The celebrated "Dead Sea Fruits," often called _Poma insana_, or Mad-apples, _Mala Sodomitica_, etc., which have given rise to great controversy among Oriental scholars and Biblical commentators, are produced by the _Cynips insana_ on the low oaks (_Quercus infectoria_) growing on the borders of the Dead Sea.[489]

Formicidae--Ants.

Herodotus, who wrote in the fifth century before the birth of Christ, tells the following fabulous story without the slightest trace of diffidence or disbelief: There are other Indians bordering on the City of Caspatyrus and the country of Pactyica, settled northward of the other Indians, whose mode of life resembles that of the Bactrians. They are the most warlike of the Indians, and these are they who are sent to procure the gold; for near this part is a desert by reason of the sand.

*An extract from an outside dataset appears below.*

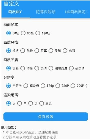 2、点击【自定义】开启自定义选项设置,包括画质DIY、陀螺仪超频、UC画质自定义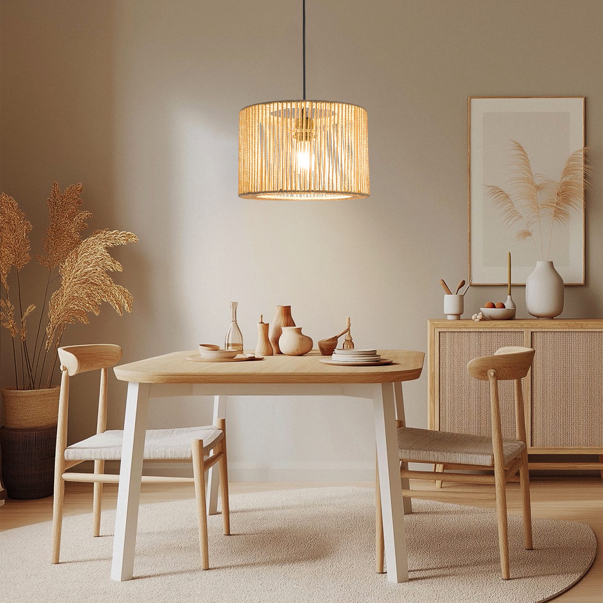Hochwertige Verarbeitung & Design: Der stabile Metallrahmen mit handgeflochtener Rattan-Struktur garantiert Langlebigkeit. Das natürliche Material dieses Lampenschirm Hängelampe erzeugt faszinierende Lichtspiele und ist ideal als stimmungsvolle Schlafzimmerlampe oder Esstischleuchte für ein blendfreies, weiches Licht.

In this desert then, and in the sand, there are Ants in size somewhat less indeed than dogs, but larger than foxes. Some of them are in the possession of the King of the Persians, which were taken there. These Ants, forming their habitations under ground, heap up the sand as the Ants in Greece do, and in the same manner; and they are very like them in shape. The sand that is heaped up is mixed with gold. The Indians, therefore, go to the desert to get this sand, each man having three camels, on either side a male one harnessed to draw by the side, and a female in the middle; this last the man mounts himself, having taken care to yoke one that has been separated from her young as recently as possible; for camels are not inferior to horses in swiftness, and are much better able to carry burdens.... The Indians then, adopting such a plan and such a method of harnessing, set out for the gold, having before calculated the time, so as to be engaged in their plunder during the hottest part of the day, for during the heat the Ants hide themselves under ground.... When the Indians arrive at the spot, having sacks with them, they fill these with the sand, and return with all possible expedition; for the Ants, as the Persians say, immediately discovering them by the smell, pursue them, and they are equaled in swiftness by no other animal, so that if the Indians did not get the start of them while the Ants were a.s.sembling, not a man of them could be saved. Now the male camels (for they are inferior in speed to the females) slacken their pace, dragging on, not both equally; but the females, mindful of the young they have left, do not slacken their pace.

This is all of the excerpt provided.